Племянник проглядывал развернутую газету и грубовато, по-мужски капризничал, оснащая свою речь такими словами, как «волынка», «черт меня дернул», «сами не знают, чего хотят»; выглядел он, с точки зрения Игоря Ивановича, великолепно. Расположившись рядом на скамье, он тоже громко, но все-таки сдержанно бранил порядки, неумение беречь чужое время, дерганье и очень искренне напирал на то, что дело-то предельно ясное и два месяца его мусолить просто смешно, памятуя бессознательно, как дважды в жизни его «дела», куда более сложные, решались быстро и без всякой канители.

В коридоре притихли, исподволь поглядывая на шумного Игоря Ивановича и его солидного собеседника в китайском пальто.

Игорь Иванович даже немножко разволновался, он уже готов был куда-то пойти, кому-то сказать, если надо, и указать, и напомнить… Только племянник его остановил, снисходительно и мудро заметив, что «им спешить некуда», вот работали бы сдельно, тогда б шевелились, и хохотнул… У Игоря Ивановича мелькнула вдруг безумная мысль: а может, тогда сдельно работали?

– Вы уж, дядя Гоша, не ждите… Чего вам здесь париться? А я, как развяжусь, сразу к вам…

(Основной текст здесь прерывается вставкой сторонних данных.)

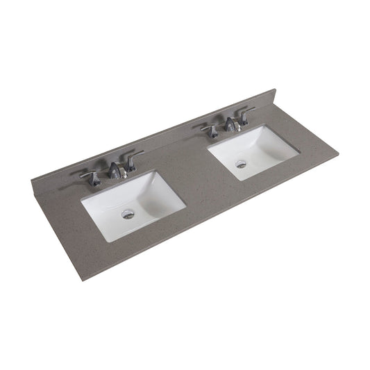 61" Mountain Gray/Polished Engineered Marble Bathroom Vanity Top with White Sink
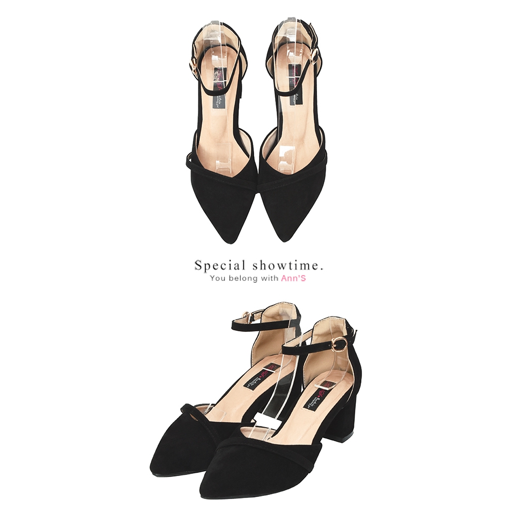 Ann’S柔美心動-絨面造型斜帶顯瘦繞踝粗跟尖頭鞋5.5cm-黑
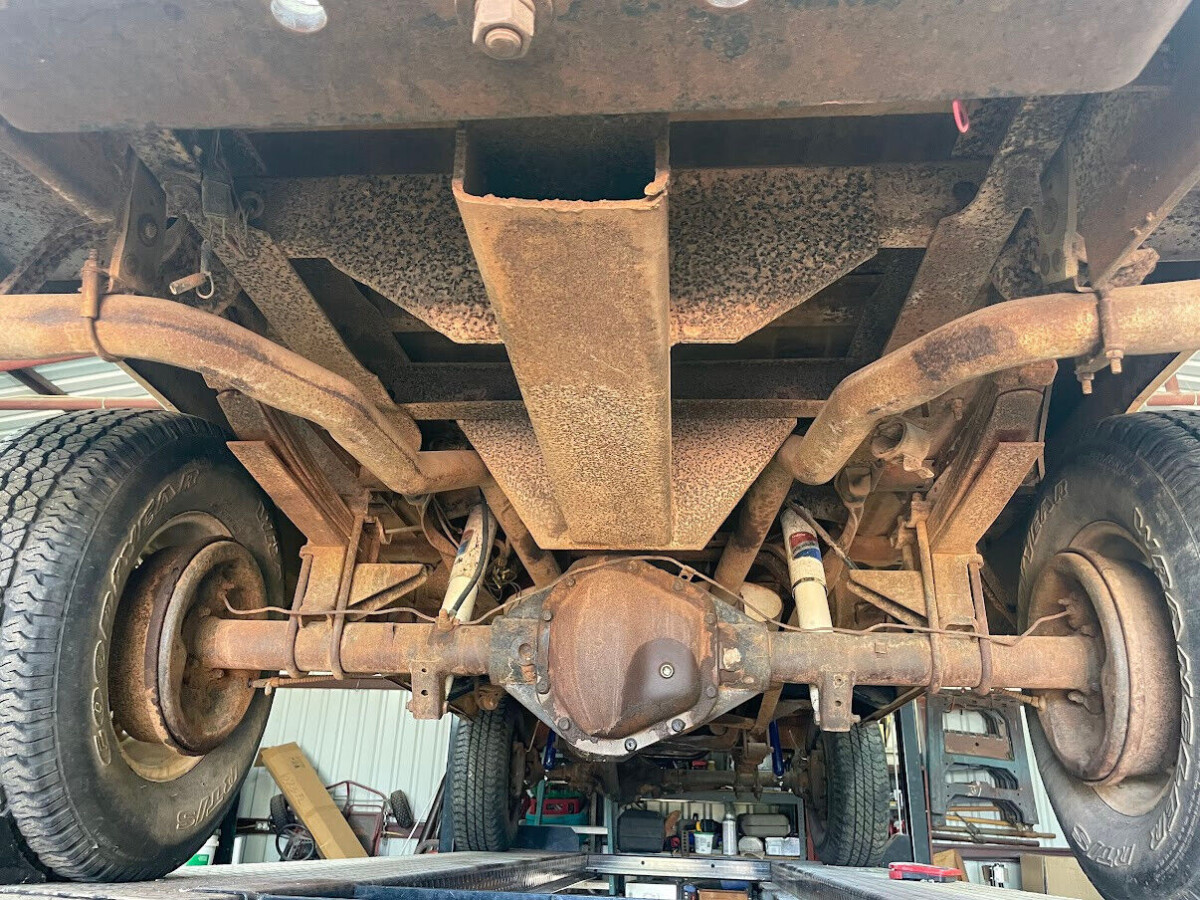 Heavy surface rust coats the underside. Unfortunately, that’s not where the rust stops. The bed is rusty in one corner, and the seller already patched the passenger-side floor and the front and rear cab supports. The truck has been repaired for usefulness, not to win ribbons. The seller shot the entire body with a semi-gloss clear coat – a subtle look that will at least forestall one or two rust molecules for a couple of weeks. There’s no indication of how much the seller wants for this truck, but if it runs well it’s certainly worth more than the current bid. If this showed up in your driveway, what would you do to it first?

– Не вздумай только нигде есть! Мы тебя к обеду ждем. Как ты к «Московскому» пиву? – Игорь Иванович двумя пальцами приподнял сетку. Племянник изобразил восхищение, да такое, будто увидел монгольскую водку. – Без тебя не сядем, слышишь?

На том и расстались.

Жизнь, направлявшая немалые свои силы на усмирение чувств, желаний и потребностей Игоря Ивановича с молодых лет, не только не притупила в нем жажды жизни, но, напротив, обострила ее до такой степени, что Игорь Иванович уже не мог позволить себе пренебречь и малейшей возможностью удовлетворения и каждую такую возможность стремился испытать до конца, затрачивая усилия без расчета. Поэтому вместо кратчайшего пути к дому он выбрал путь окольный, то есть мимо собора.

Направляясь к дому, Игорь Иванович вновь стал созерцать искуснейшее изобретение, равных которому хоть пруд пруди, – знаменитый гатчинский Покровский собор, причудливое окаменение христианского духа, внешне являвшее собой строгую смесь кирхи с казармой. Нет, это не плод любви художника, тот плод, где за чертежами и выкладками звенит сокровенное чаяние мастера соединить землю и небо, помочь сердцем узреть свет и гармонию, таящиеся в непостижимом и вечном.

Забитые окна и глухо закрытые двери придавали собору вид тюрьмы строгого режима, где окна, как известно, не только традиционно зарешечиваются, но и прикрываются металлическими «намордниками» вроде оттопыренных карманов, в которые дневной свет проникает только сверху.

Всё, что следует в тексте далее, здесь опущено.